GOAL OF THE EXERCISE = An exact restatement of the data is required, with the images omitted.

DATASET CONTENT =
=== Section Start ===

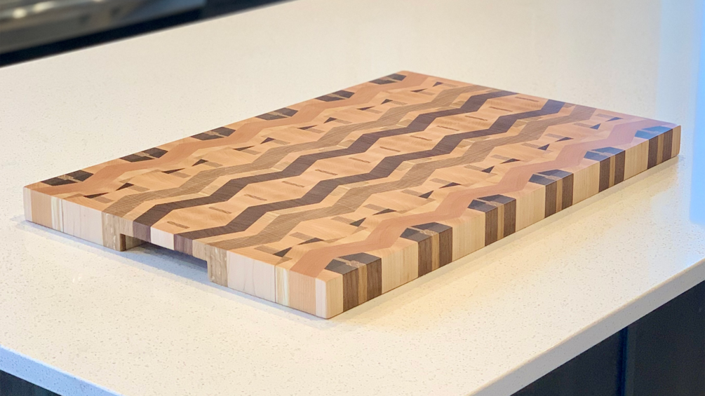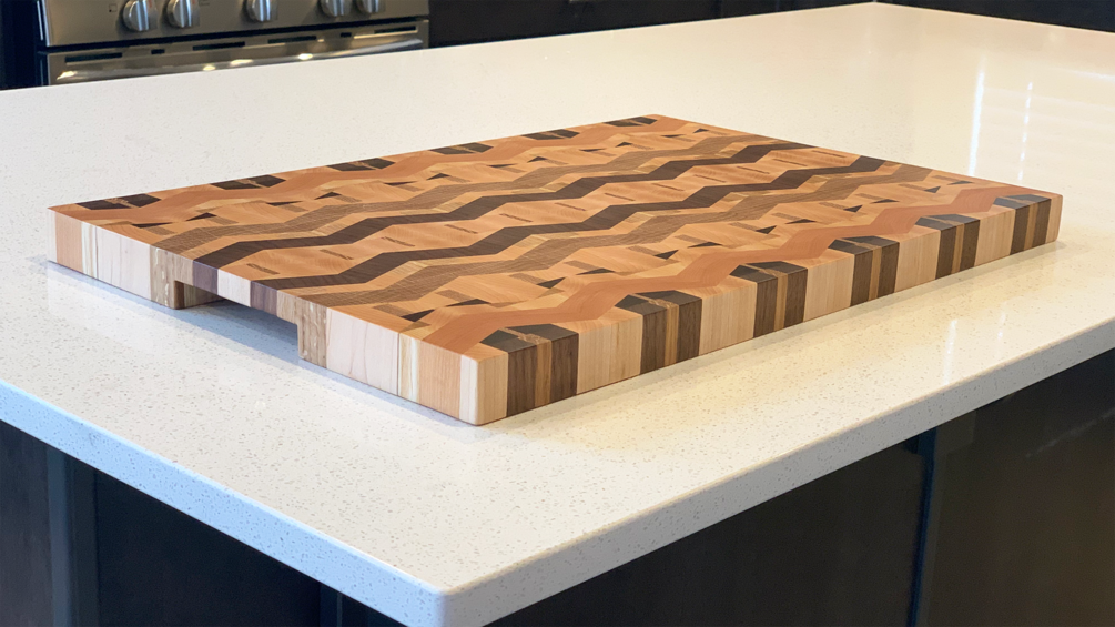 When you place an order, I’ll start working on your cutting board immediately. It will be very similar to the one in the pictures above, but not exactly the same. The dimensions will be the same, the selection of wood species will be the same, the handle styles will be the same, and the major pattern features will be the same. But there’s an element of randomness in the kaleidoscope design that makes each board unique. I will send you photos as your cutting board starts taking shape, and you’ll have the option to see another design if you don’t like the first one. If you’re still unsatisfied with these designs, you’ll get a full refund — no questions asked.
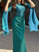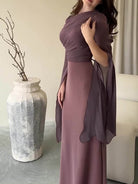 Robe Longue | Drapée avec Manches Fluides | Élégance de Soirée
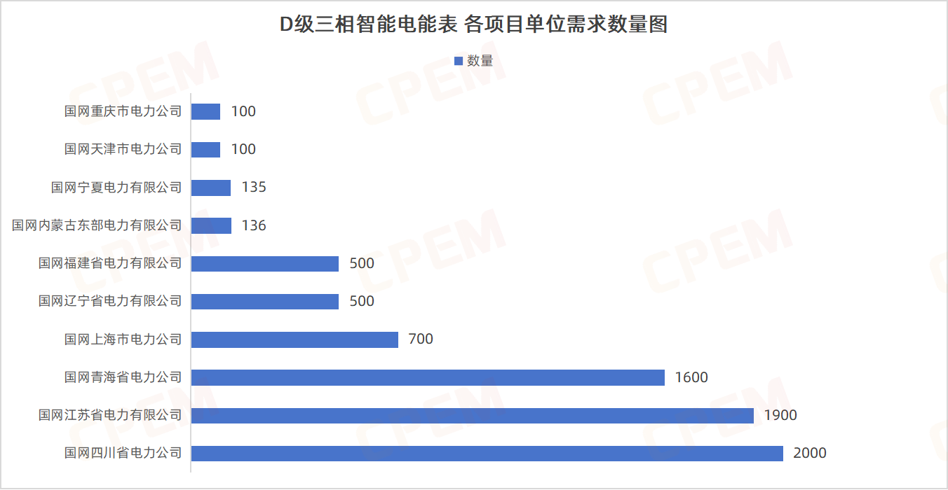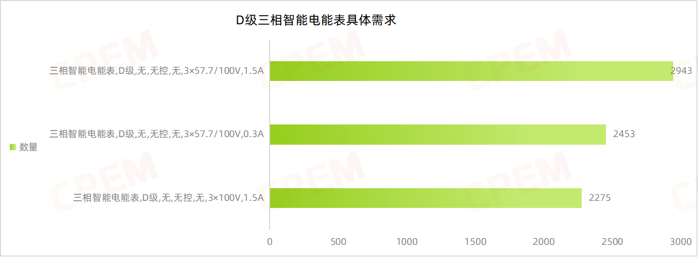 D級三相智能電能表招標項目單位共計10個,其中國國網四川省電力公司、國網江蘇省電力有限公司、國網青海省電力公司三個項目單位需求數量分列前三。D級三相智能電能表下三款產品需求數比較均衡,其中三相智能電能表,D級,無,無控,無,3×57.7/100V,1.5A該款產品的需求量略高,為2943臺。
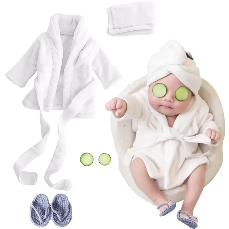 5PCS Newborn Photography Outfits Props Baby Bathrobes Bath Towel with Slippers Cucumber Infant Girl Boy Photos Accessories

=== Section End ===

EXERCISE ANSWER =
 When you place an order, I’ll start working on your cutting board immediately. It will be very similar to the one in the pictures above, but not exactly the same. The dimensions will be the same, the selection of wood species will be the same, the handle styles will be the same, and the major pattern features will be the same. But there’s an element of randomness in the kaleidoscope design that makes each board unique. I will send you photos as your cutting board starts taking shape, and you’ll have the option to see another design if you don’t like the first one. If you’re still unsatisfied with these designs, you’ll get a full refund — no questions asked.
 Robe Longue | Drapée avec Manches Fluides | Élégance de Soirée
 D級三相智能電能表招標項目單位共計10個,其中國國網四川省電力公司、國網江蘇省電力有限公司、國網青海省電力公司三個項目單位需求數量分列前三。D級三相智能電能表下三款產品需求數比較均衡,其中三相智能電能表,D級,無,無控,無,3×57.7/100V,1.5A該款產品的需求量略高,為2943臺。
 5PCS Newborn Photography Outfits Props Baby Bathrobes Bath Towel with Slippers Cucumber Infant Girl Boy Photos Accessories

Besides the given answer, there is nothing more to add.